Winds were 10 to 15 knots and the seas were low. Perfect sailing
weather in the South Pacific Ocean! On Wednesday we sighted Napuka,
one of the Ilse du Disappointment. The wind shifted a bit and we were
able to sail right between the two islands of Napuka and Tepoto.
I
climbed the mast pulpit to get a better view, to make sure there were
no visible dangers in the water. Mike sneakaly took this shot of my bum ;-)
The
view from up here is quite spectacular! But be sure to hold on!!
Hanging
on to the shrouds and balancing on a ss rail. I am wearing one of
the lycra outfits we had made by Katia in La Paz. At sea they are
incredibly comfortable and keep the sun off my arms and back.
Very
few people come this way, but there is an airport, a village, a
church and a landing dock for supply ship tenders, in open ocean.

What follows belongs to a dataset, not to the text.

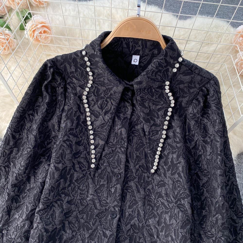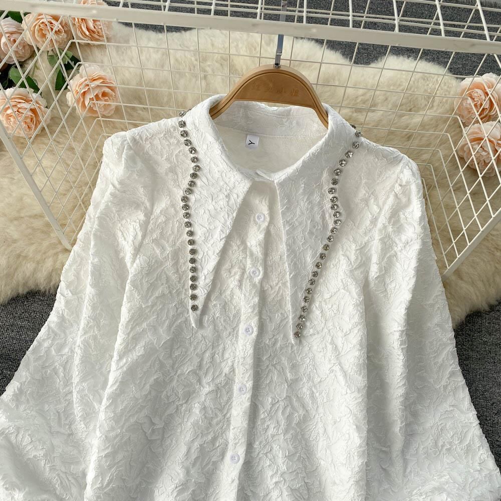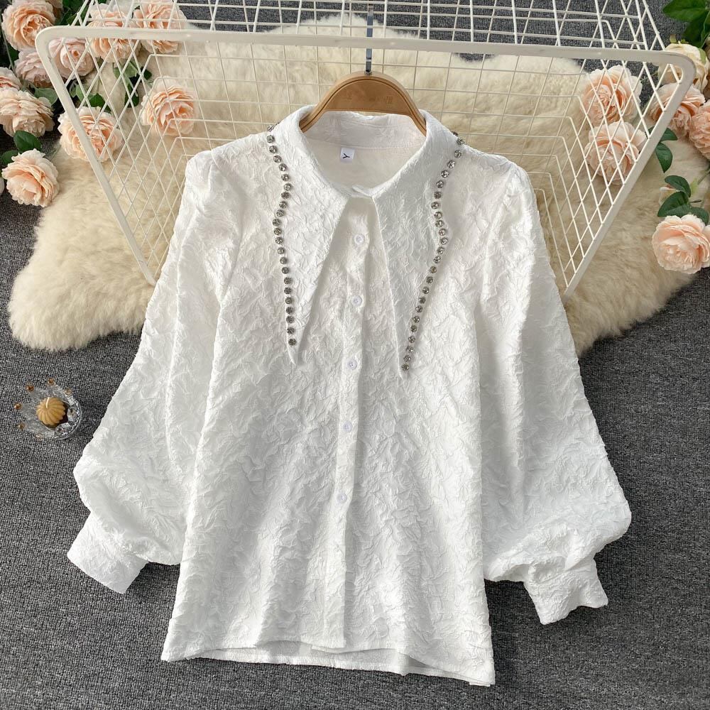 De Moda ダイヤモンド ラペル パフ スリーブ ホワイト シャツ女性トップス秋のブラウス ジャカード シャツ オータム 秋物 asa95329919784

These islands do not have any access to the inner lagoons.
As
we got closer I noticed through the binoculars a cell phone tower.

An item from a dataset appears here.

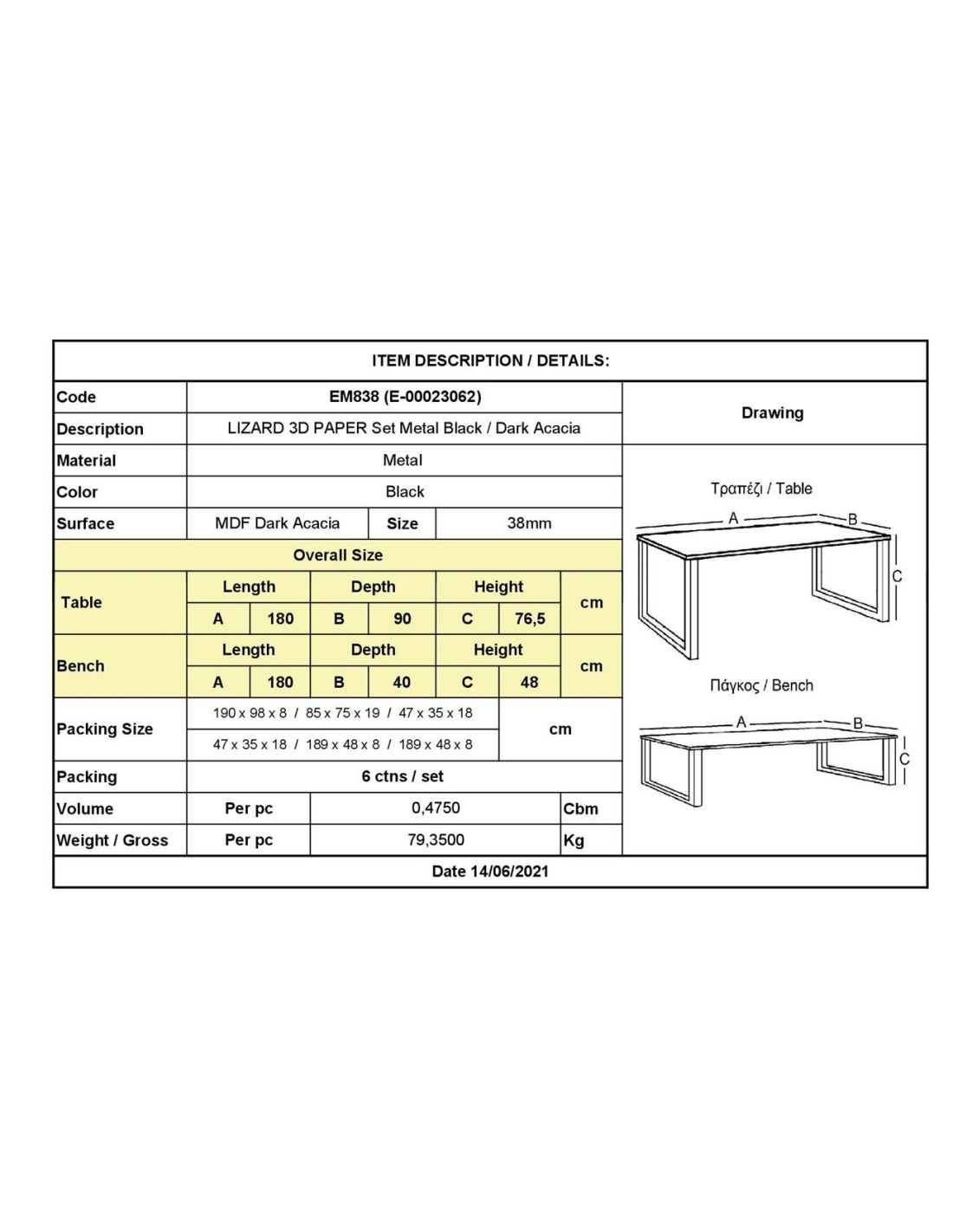LIZARD 3D PAPER Set (Table 180x90cm+2 Benches) Metal Black-Dark Acacia

So I decided to try my internet antenna from the local cell phone
company, Vini. Lo and behold here 1/2 mile off the island I got
internet!! Blew my mind!
The
closer we got the better we could see the church and the landing
buildings.
I
wondered why they were named Disappointment islands and found out via
my friend Linda on Jacaranda. First discovered in 1520 by Ferdinand Magellan. He named them this because he was disappointed to find
no fresh water. Later in 1765 Explorer John Byron was also disappointed
to find the natives were not very friendly. But they sure weren't
disappointing to us! Some thing to look at on our passage, as well
as internet in the middle of the ocean!! These low atolls of the
Tuamotu Island group come up on you fast and leave you fast and you
can't see them more than about 5 miles away.
Looking
like a fire over the horizon, the sun set on our third day at sea in
a blaze of glory!
The
next morning we had squalls all around us. As the early dawn I
thought I saw something break the surface of the sea.
Dolphins!!
They
were playing in the swells that were getting bigger now, jumping and
having a good time.
They
stayed with us for quite a while as dawn was approaching.
Surfing!
Squall
glowing in the rising sun behind us.
Finally
the sun is back above the horizon.
Always
remember, rain squalls plus sun equals rainbows!!
Approximately
40 miles away, we spot Fatu Hiva. Not sure if that was rain drops or
spray on the dodger windows.
The
wind now is picking up and we had 20 plus knots for the last 6 hours
of the passage. Glad we left when we did so we did not have this
for the whole trip!!The island is getting bigger and bigger as we
approach. We are not in the Tuamotus any more Toto!! These are big
tall mountainous islands!
Avatar
with a bone in her teeth and the spray goes flying. We are trying to
make it there before sunset.
Starting
to see some detail in the hills now.
Fatu
Hiva is a beautiful, welcoming sight.
We
are racing the sun now, but think it will be dark by the time we
arrive. The hills turn red as the sun is getting low.
She
glows in the setting sun.
The
hills here are emerald green, just as I remembered.
We
are aiming for the Bay of Virgins, which is behind to the left of the
redish colored ridge coming in from the right and the lower ridge
coming towards us from the high mountains on the left.
The
radar shows us were we are going, about 8 miles away. And the fish
finder is showing some strange warm spots in the depth of the abyssal
bottom only 4 miles from the closest shore. But the temp is warm
enough to make you want to go swimming!
The
sun drops behind a big swell and we are left in the darkness to feel
our way into the bay using radar.
We
were scouted by two boobie birds who kept circling around the boat.
As
we got near the point the water came up to about 200 feet, but then
suddenly dropped away to the abyss again.
We
had no problem finding our way into the bay with advice from fellow
cruisers on the SSB radio, Pacific Magellan net and using the radar.
Once the anchor was down it was time to get a full nights sleep after
4 days of sailing. Possibly the most amazing thing about the trip
was that we never had to tack! Sailed upwind on a close reach on a
starboard tack all the way, just over 400 miles!!